Logging Guide¶
Overview¶
Logging in Free-Range-Zoo enables tracking of environment states, which can be used for both debugging and rendering. This guide outlines how to use the built-in logging functionality, configure logging paths, and interpret logged data.
Logging Setup¶
To enable logging, specify the log_directory
parameter when initializing an environment. This directory will store log files containing state information for each independent environment instance. You can bypass this check by setting override_initialization_check=True
on environment creation.
Example Usage¶
To enable logging, construct an environment and pass the log_directory
parameter:
from free_range_zoo.envs import wildfire_v0
env = wildfire_v0.parallel_env(
other_arguments...,
log_directory="your_path",
)
Logging Directory Structure¶
The specified
log_directory
must not exist before execution. If it does, an error will be thrown to prevent accidental overwrites.The logger will create a directory containing CSV log files named
0.csv
,1.csv
, etc., corresponding to each parallel environment instance.We recommend organizing logs within an
outputs/
folder and naming experiments systematically, e.g.,outputs/wildfire_logs
.
Example Directory Layout¶
outputs/
├── wildfire_logging_test_0/ # Created automatically
│ ├── 0.csv # Log file for environment instance 0
│ ├── 1.csv # Log file for environment instance 1
│ └── ...
Logged Data¶
Each log file contains the state, not the observation, meaning that in noisy environments, logs reflect the actual environment state rather than what agents perceive. Future updates will allow optional logging of observations where relevant.
Logging Function Details¶
The _log_environment
function is responsible for recording environment states. Below is an overview of its operation:
def _log_environment(self, reset: bool = False, extra: pd.DataFrame = None) -> None:
Parameters:¶
reset
(bool): Indicates if the logging occurs due to an environment reset.extra
(pd.DataFrame, optional): Additional data to append to logs.
Behavior:¶
Converts the environment state to a pandas DataFrame.

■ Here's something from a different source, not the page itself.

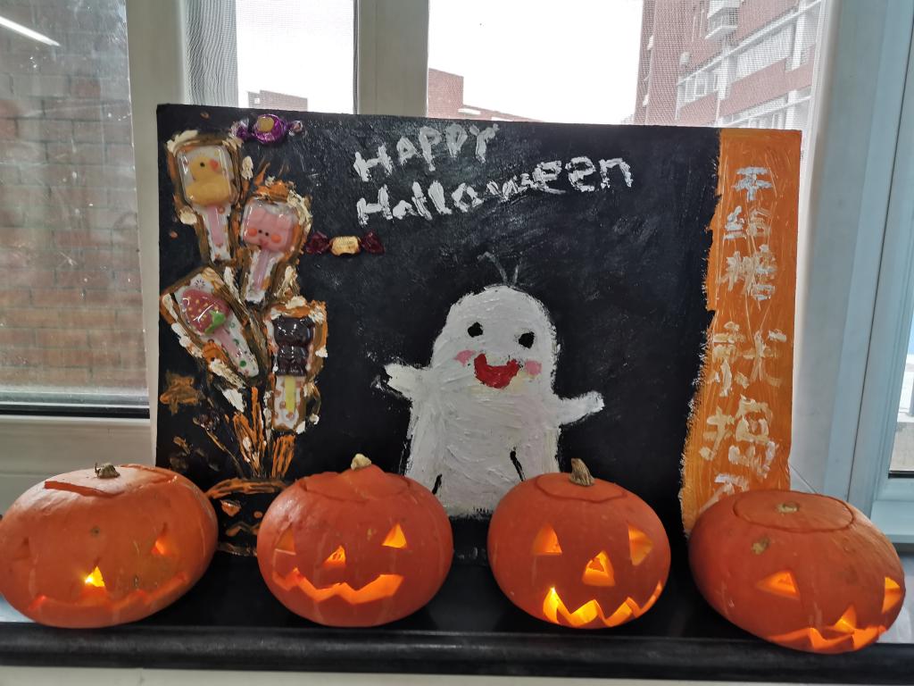 孩子们身穿各种漂亮的服装,和老师一起精心装扮着教室,在欢快的万圣节音乐中尽情游戏着,欢乐的神情洋溢在孩子们的脸上。与此同时,老师们通过播放卡通故事,让孩子们对万圣节有了初步的了解;“优才俱乐部”的老师们与保育老师一同协助小朋友们,分组完成DIY南瓜灯,加深了孩子们对节日元素的印象。

On reset, initializes action and reward columns.
Logs agent actions, rewards, mappings, and step count.
Appends additional data if provided.
Saves each parallel environment instance as a separate CSV file.
Alternative Logging with logging.getLogger
¶
Custom logging can be achieved using Python’s built-in logging
module:
import logging
main_logger = logging.getLogger(__name__)
main_logger.info("Custom log message")
This allows logging of custom information at any timestep.
Integration with Rendering¶
The logged data is also used for rendering wildfire simulations. The Wildfire Simulation Renderer
processes these logs to generate visualizations, including interactive and video-based outputs. See rendering.py
files in env/<environment name>/env/utils/
for details.
Notes¶
Ensure that the
log_directory
does not exist before execution.Logs reflect environment states, not agent observations.
Logs are structured for compatibility with the rendering system.